• SOURCE RECORDS:
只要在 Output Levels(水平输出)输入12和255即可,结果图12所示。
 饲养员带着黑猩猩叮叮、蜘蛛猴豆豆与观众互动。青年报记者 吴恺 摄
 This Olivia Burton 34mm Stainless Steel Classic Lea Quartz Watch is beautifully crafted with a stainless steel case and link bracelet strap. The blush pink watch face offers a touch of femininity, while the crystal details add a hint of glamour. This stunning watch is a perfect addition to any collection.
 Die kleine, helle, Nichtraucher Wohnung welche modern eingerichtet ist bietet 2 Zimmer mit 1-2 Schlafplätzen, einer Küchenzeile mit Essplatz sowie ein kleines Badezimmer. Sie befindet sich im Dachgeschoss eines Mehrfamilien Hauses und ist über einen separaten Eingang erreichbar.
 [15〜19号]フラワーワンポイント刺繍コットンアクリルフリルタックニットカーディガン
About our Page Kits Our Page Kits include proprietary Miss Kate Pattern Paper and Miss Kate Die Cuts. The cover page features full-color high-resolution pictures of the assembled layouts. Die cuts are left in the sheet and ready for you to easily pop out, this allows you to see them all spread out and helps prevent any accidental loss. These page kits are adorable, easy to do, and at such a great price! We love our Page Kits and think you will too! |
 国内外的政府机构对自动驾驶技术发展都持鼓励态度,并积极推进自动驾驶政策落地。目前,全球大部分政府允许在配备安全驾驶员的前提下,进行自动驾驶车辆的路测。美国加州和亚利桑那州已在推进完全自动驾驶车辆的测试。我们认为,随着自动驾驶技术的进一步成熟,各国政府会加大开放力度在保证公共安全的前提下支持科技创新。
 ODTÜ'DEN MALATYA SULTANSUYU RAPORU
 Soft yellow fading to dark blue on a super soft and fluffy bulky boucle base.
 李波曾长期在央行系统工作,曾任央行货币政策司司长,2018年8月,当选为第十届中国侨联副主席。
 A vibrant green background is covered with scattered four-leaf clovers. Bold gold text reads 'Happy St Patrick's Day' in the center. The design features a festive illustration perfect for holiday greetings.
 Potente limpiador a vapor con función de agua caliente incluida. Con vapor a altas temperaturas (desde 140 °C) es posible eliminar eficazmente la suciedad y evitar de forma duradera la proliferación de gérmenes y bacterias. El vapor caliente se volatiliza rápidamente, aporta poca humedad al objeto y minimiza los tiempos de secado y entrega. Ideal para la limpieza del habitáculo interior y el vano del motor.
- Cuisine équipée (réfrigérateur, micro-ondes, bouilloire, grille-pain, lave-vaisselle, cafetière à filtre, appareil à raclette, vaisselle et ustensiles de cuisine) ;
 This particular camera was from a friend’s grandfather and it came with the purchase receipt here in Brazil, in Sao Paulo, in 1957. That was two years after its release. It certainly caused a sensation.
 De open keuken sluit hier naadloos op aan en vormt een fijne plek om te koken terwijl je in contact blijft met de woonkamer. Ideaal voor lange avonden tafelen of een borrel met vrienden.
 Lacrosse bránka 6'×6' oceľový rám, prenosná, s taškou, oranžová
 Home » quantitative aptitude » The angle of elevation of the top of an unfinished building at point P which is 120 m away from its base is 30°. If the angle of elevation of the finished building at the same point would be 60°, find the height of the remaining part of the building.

• TASK BRIEF:
Reply with nothing but a number: how many lines of the entries above contain the string "features"?

• TASK OUTPUT:
2